___ Recorded data ___
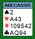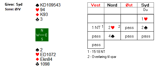 Spillefører fortsatte med en stor spar, og var så framme i følgende posisjon:
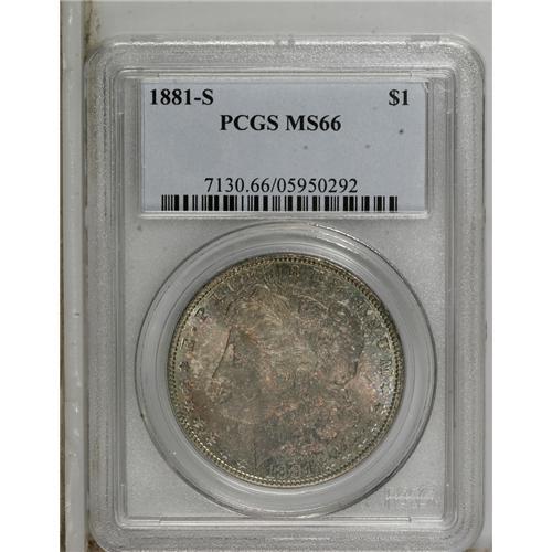 1881-S S$1 MS66 PCGS. Variegated cobalt-blue, lavender
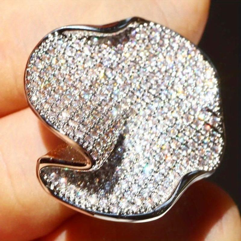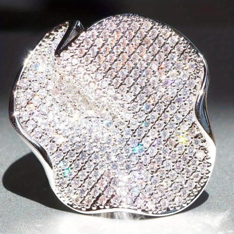 Make a bold statement with this funky and unique cocktail ring. The irregular circle design with inlaid zirconia stones is perfect for parties, music festivals, and hippie vibes.
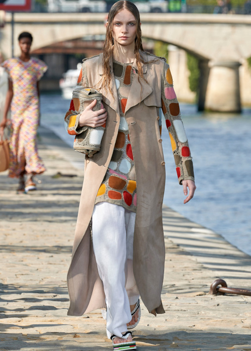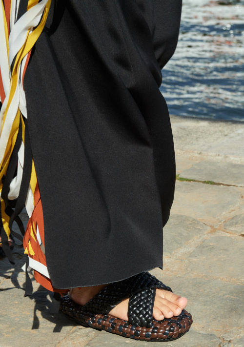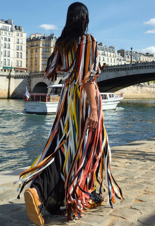 Gabriela Hearst traite ici les franges sur une tonalité minimaliste ; le résultat oscille entre pureté et manque d'allure (voir ici et là). Recycler des chutes de cuir est une chose, parvenir à en faire un vêtement désirable en est une autre... (voir ici) Les sandales créées à partir de tongs récupérées dans l'océan allient avec brio dégaine de caractère et conscience écologique (voir ici). L'inspiration "rideau de porte" laisse songeur... (voir ici)
___
Work instructions: Please reproduce only the lines from the one holding "Make a bold" through the final line of the listing above, both included, with each picture left out.

Answer below:
 Make a bold statement with this funky and unique cocktail ring. The irregular circle design with inlaid zirconia stones is perfect for parties, music festivals, and hippie vibes.
 Gabriela Hearst traite ici les franges sur une tonalité minimaliste ; le résultat oscille entre pureté et manque d'allure (voir ici et là). Recycler des chutes de cuir est une chose, parvenir à en faire un vêtement désirable en est une autre... (voir ici) Les sandales créées à partir de tongs récupérées dans l'océan allient avec brio dégaine de caractère et conscience écologique (voir ici). L'inspiration "rideau de porte" laisse songeur... (voir ici)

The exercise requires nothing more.